_What is expected_: Retype the lines below exactly, from the one that contains "紅茶は、フランス王妃マリーア" through the last, and leave every picture out.

[Data excerpts]
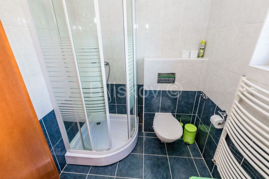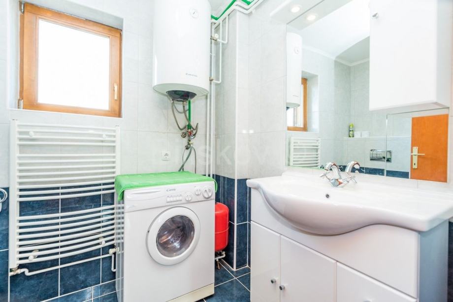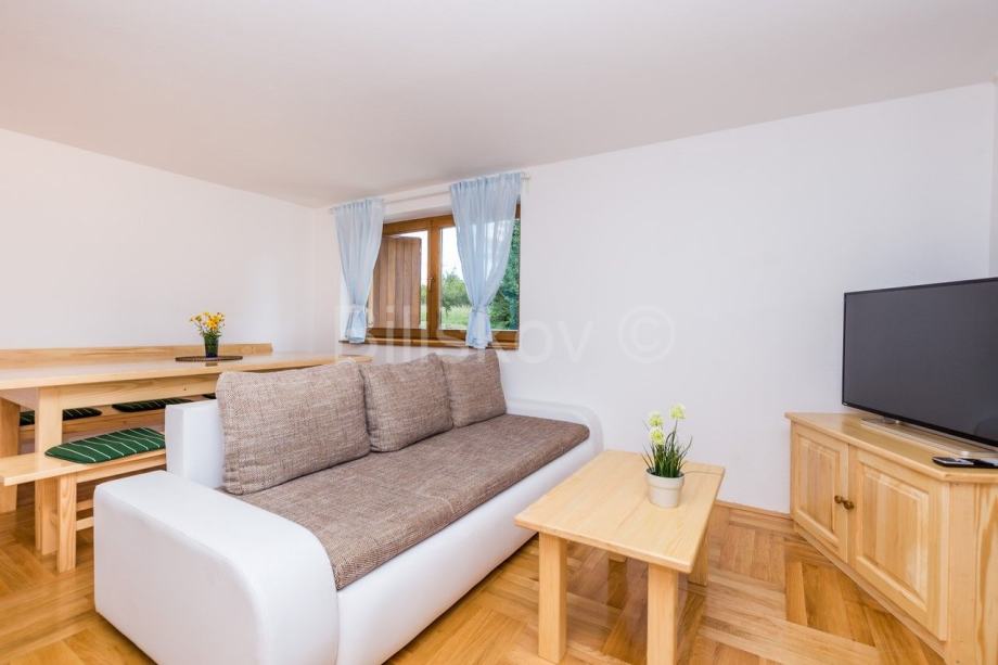 Na prizemlju se nalazi predsoblje, dnevni boravak, kuhinja, ostava. Na prvom katu kuće se nalaze dvije spavaće sobe i kupaonica, a u potkrovlju se nalazi jedna velika soba s kupaonicom.
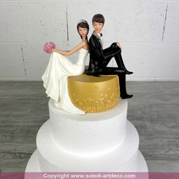Description de Couple de mariés en résine assis sur un pouf, hauteur 16 cm, figurines pièce montée, gâteau de maria
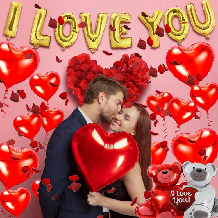 Balon foil Day Valentine nampilake slogan manis kaya "aku tresna sampeyan" lan "Happy Valentine Day." Balon kasebut teka ing warna abang, jambon, lan emas sing sregep, nggawe efek telung dimensi nalika ana suasana, kayata mawar, lan lambe sing bisa diajukake adhedhasar setelan lan gaya tartamtu.
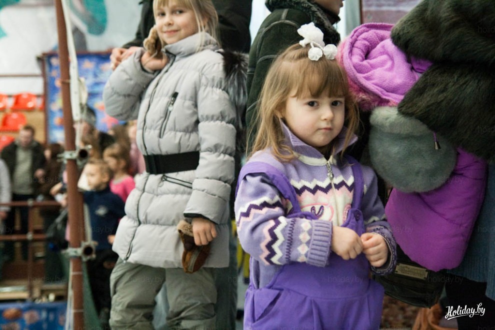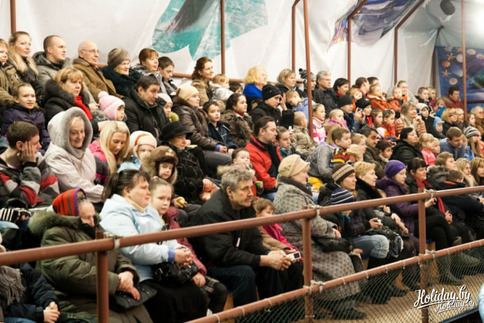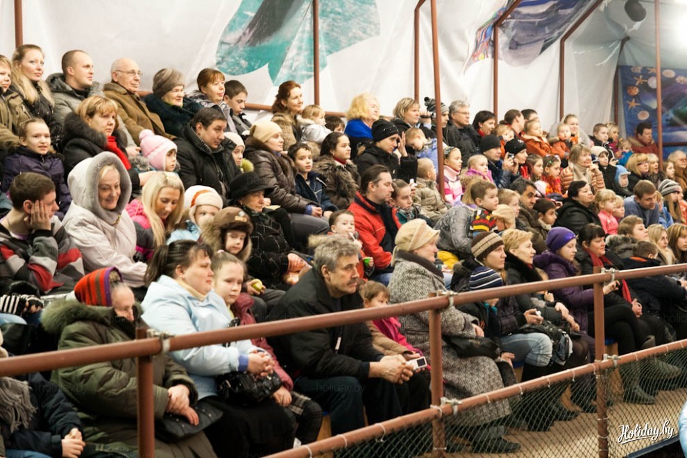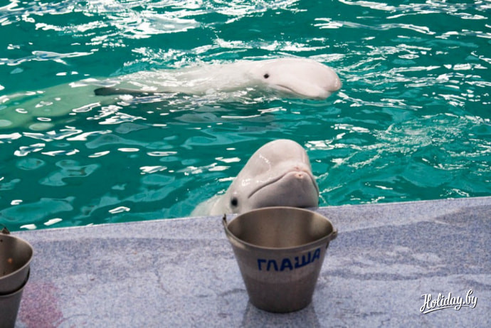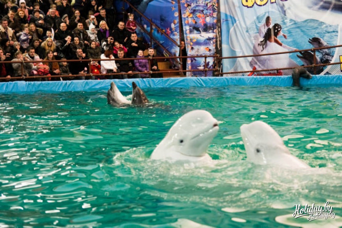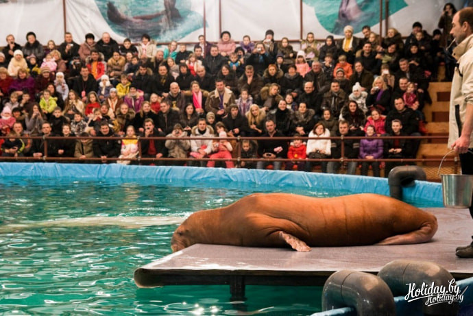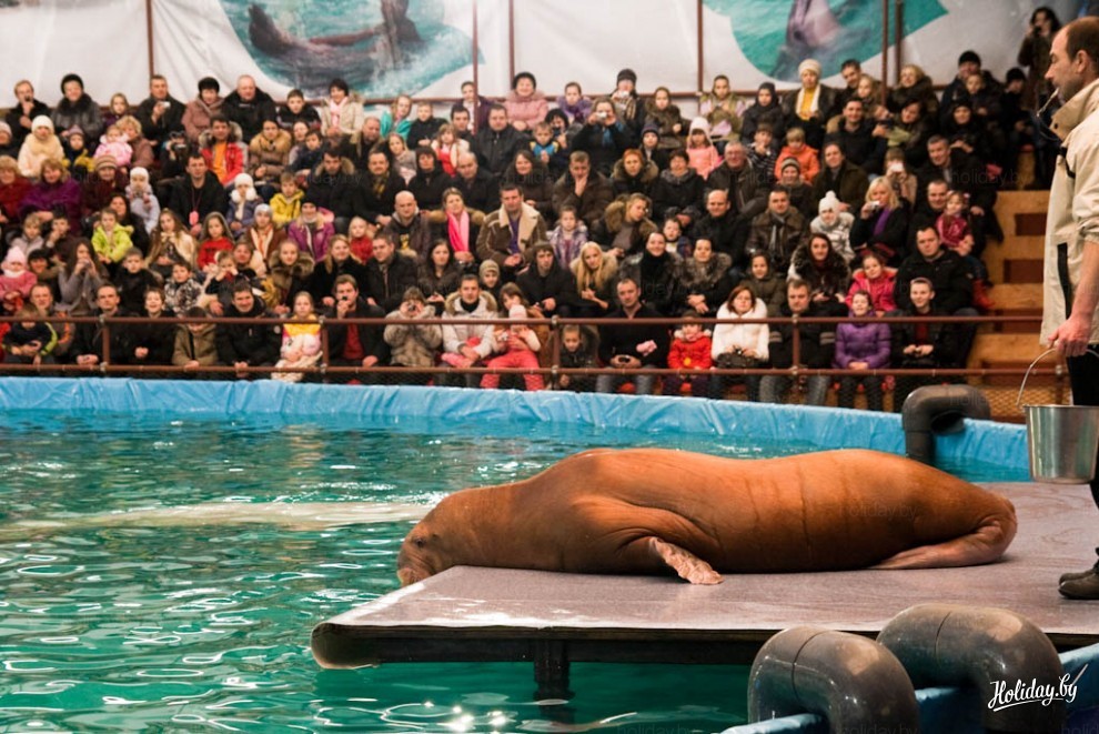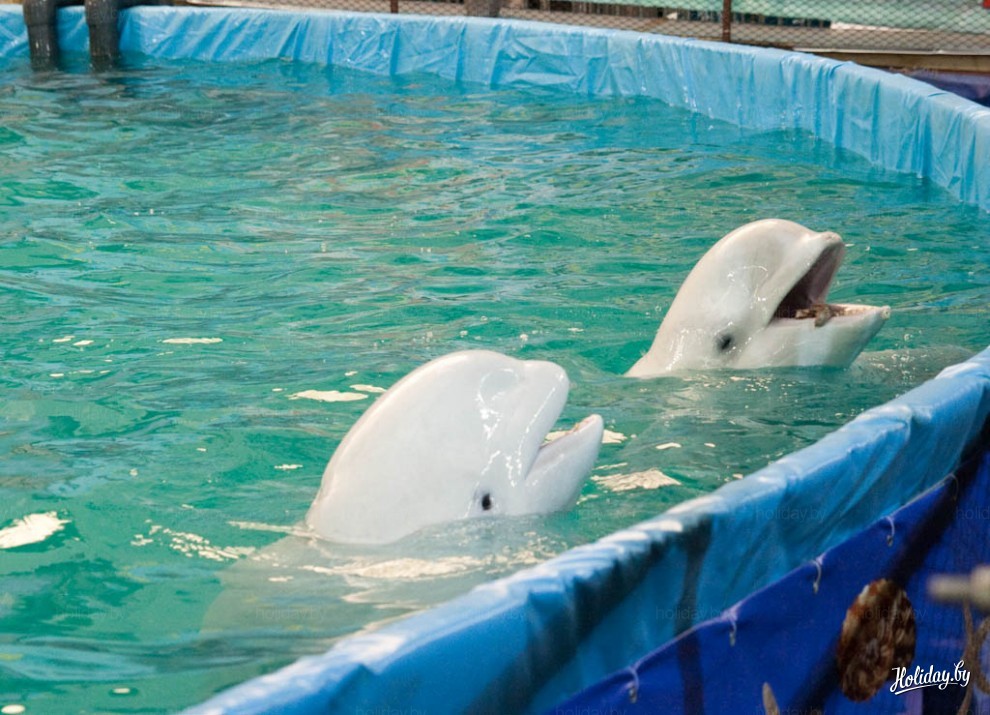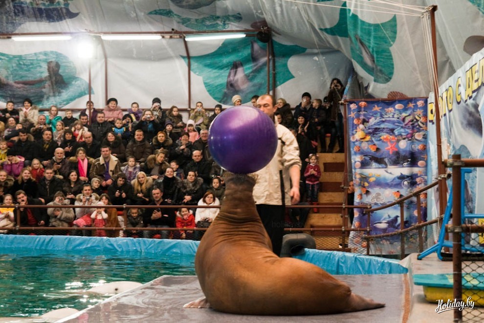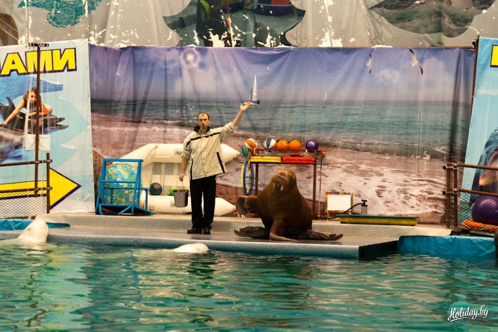 На представление в дельфинарий возле Ледового дворца Минска приглашают два черноморских дельфина-афалина, две белухи и морж. В дельфинарии живет ещё и морской котик, правда в шоу, которое посетили мы, он не участвовал.
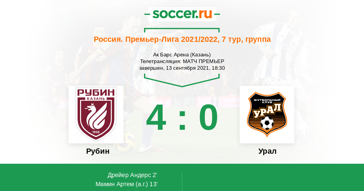 13' (2:0) Автогол Мамин Артем (29)
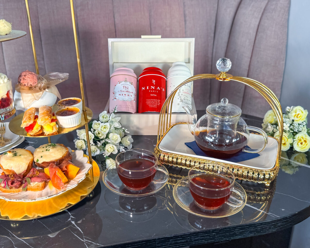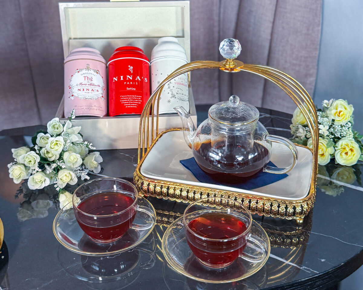 紅茶は、フランス王妃マリーアントワネットが愛したと言われる「フレンチ・ロイヤルティー」。希少なりんごとバラで香りづけたフランス老舗紅茶「ニナス」の上質で華やかなアロマが広がるフレンチ・ロイヤルティーがセットで楽しめます。
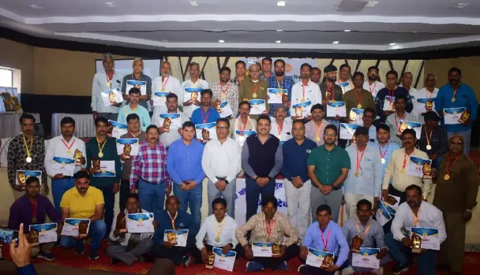 सृष्टि क्लब होटल में आयोजित समारोह में 52 लाइन कर्मचारियों को कंपनी के प्रति निष्ठापूर्वक कार्य करने हेतु उपभोक्ता सेवाओं के प्रति जागरूक रहने और सराहनीय कार्य के लिए प्रशस्ति पत्र से सम्मानित किया गया।
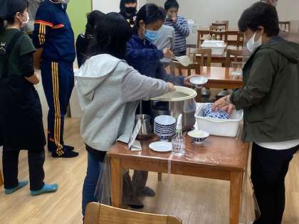 「入浴」の後は、さきほどの「クラフト」で作った箸で、
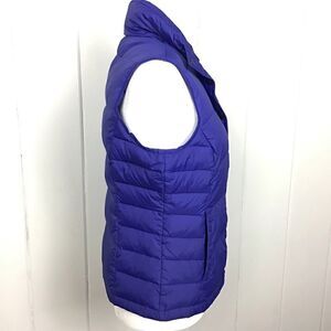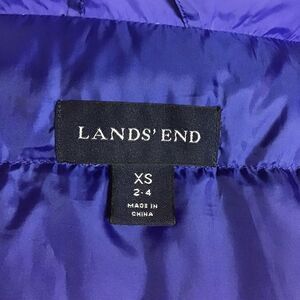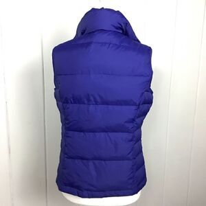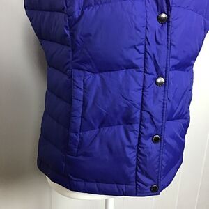 Lands’ End Down dark periwinkle (blue/purple) puffer vest with snap front closure and a pocket on each side. Size - XSmall (2-4). Shell: 100% nylon. Lining: 100% polyester. Insulation: 90% down, 20% feathers. This vest is in excellent shape and perfect for the upcoming winter months!
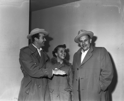 Mark Stevens, left, top flight movie star, arrived here for the rodeo and to root for Patty Ward, 12, center, who will ride at the horse show with her brother, Gene, 14, showing part of the seven horse gaited stake entered by their father, Fred Ward, right, Denver stable owner and automobile distributor.
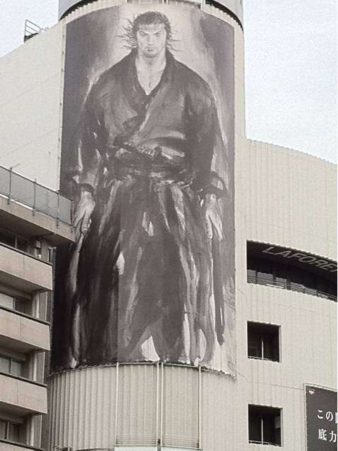 Sebuah mural yang digambar Takehiko Inoue dari karakter utama dari manga Vagabond-nya, yaitu Musashi, telah diletakkan setinggi beberapa lantai dan diplester di menara toko di Tokyo pada hari Minggu. Dengan tinggi 18,2 meter dan lebar 10,3 meter, lukisan samurai ini lebih besar daripada ukuran Gundam setinggi 18 meter.
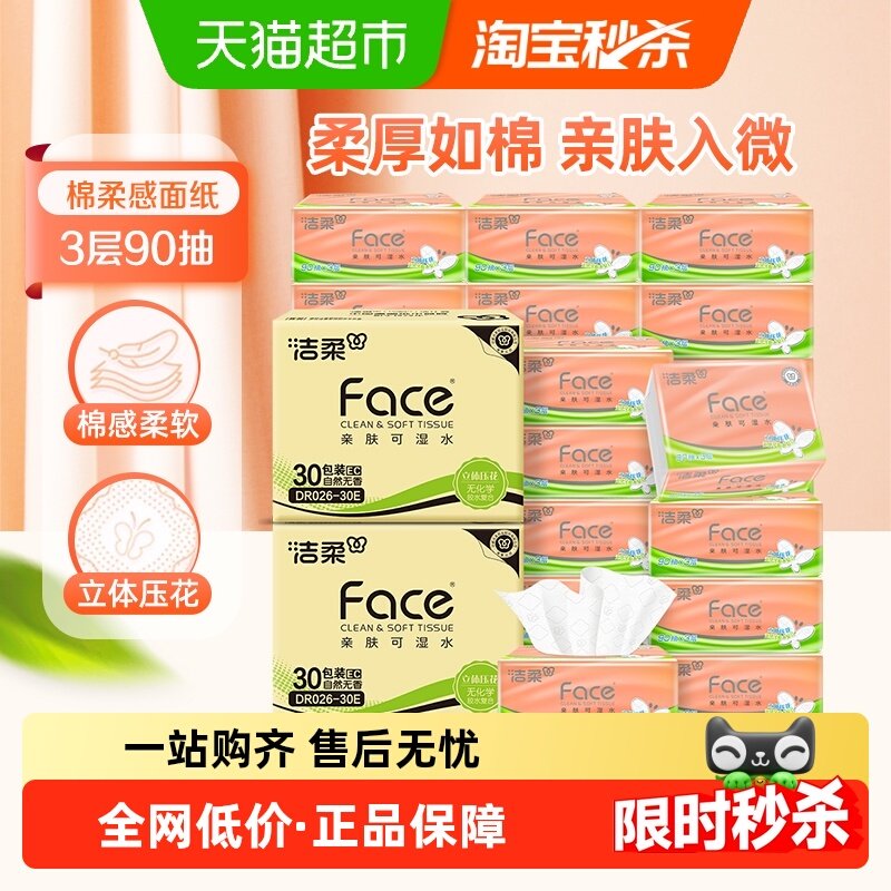洁柔抽纸棉柔感立体压花3层90抽60包面巾纸卫生纸整箱实惠装加厚

_Exercise solution_:
 紅茶は、フランス王妃マリーアントワネットが愛したと言われる「フレンチ・ロイヤルティー」。希少なりんごとバラで香りづけたフランス老舗紅茶「ニナス」の上質で華やかなアロマが広がるフレンチ・ロイヤルティーがセットで楽しめます。
 सृष्टि क्लब होटल में आयोजित समारोह में 52 लाइन कर्मचारियों को कंपनी के प्रति निष्ठापूर्वक कार्य करने हेतु उपभोक्ता सेवाओं के प्रति जागरूक रहने और सराहनीय कार्य के लिए प्रशस्ति पत्र से सम्मानित किया गया।
 「入浴」の後は、さきほどの「クラフト」で作った箸で、
 Lands’ End Down dark periwinkle (blue/purple) puffer vest with snap front closure and a pocket on each side. Size - XSmall (2-4). Shell: 100% nylon. Lining: 100% polyester. Insulation: 90% down, 20% feathers. This vest is in excellent shape and perfect for the upcoming winter months!
 Mark Stevens, left, top flight movie star, arrived here for the rodeo and to root for Patty Ward, 12, center, who will ride at the horse show with her brother, Gene, 14, showing part of the seven horse gaited stake entered by their father, Fred Ward, right, Denver stable owner and automobile distributor.
 Sebuah mural yang digambar Takehiko Inoue dari karakter utama dari manga Vagabond-nya, yaitu Musashi, telah diletakkan setinggi beberapa lantai dan diplester di menara toko di Tokyo pada hari Minggu. Dengan tinggi 18,2 meter dan lebar 10,3 meter, lukisan samurai ini lebih besar daripada ukuran Gundam setinggi 18 meter.
洁柔抽纸棉柔感立体压花3层90抽60包面巾纸卫生纸整箱实惠装加厚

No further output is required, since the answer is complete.